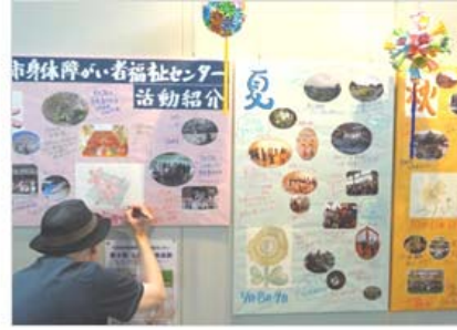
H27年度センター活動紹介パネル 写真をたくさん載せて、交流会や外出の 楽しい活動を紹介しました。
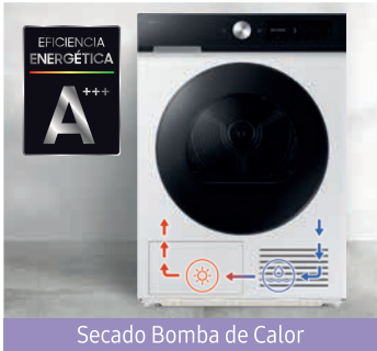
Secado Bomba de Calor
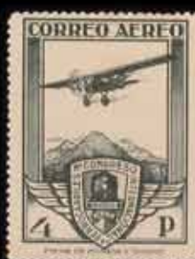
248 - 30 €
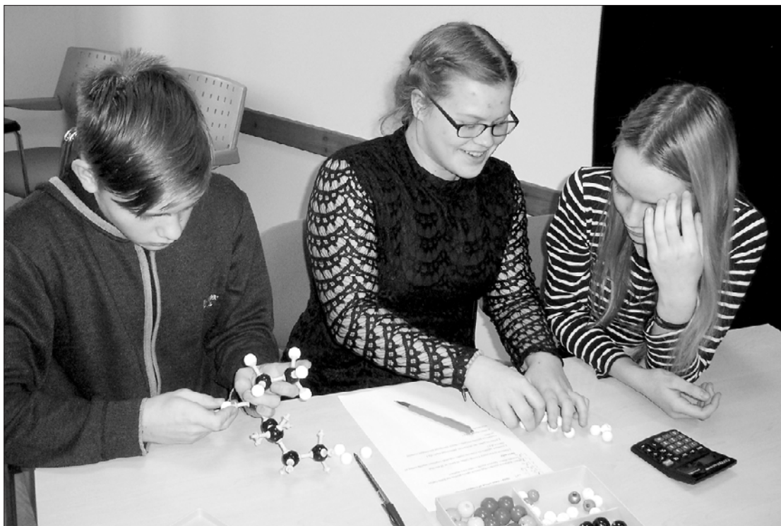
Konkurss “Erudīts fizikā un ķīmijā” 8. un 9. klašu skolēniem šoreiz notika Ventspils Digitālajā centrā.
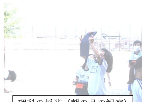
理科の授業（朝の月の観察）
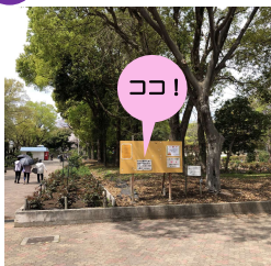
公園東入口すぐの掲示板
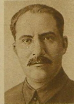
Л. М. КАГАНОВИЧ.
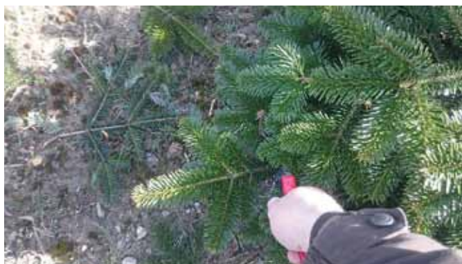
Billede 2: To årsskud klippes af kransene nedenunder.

________________________

## EXERCISE
Every word of the material, and none of its pictures, should be set down again.

## EXERCISE SOLUTION
H27年度センター活動紹介パネル 写真をたくさん載せて、交流会や外出の 楽しい活動を紹介しました。
Secado Bomba de Calor
248 - 30 €
Konkurss “Erudīts fizikā un ķīmijā” 8. un 9. klašu skolēniem šoreiz notika Ventspils Digitālajā centrā.
理科の授業（朝の月の観察）
公園東入口すぐの掲示板
Л. М. КАГАНОВИЧ.
Billede 2: To årsskud klippes af kransene nedenunder.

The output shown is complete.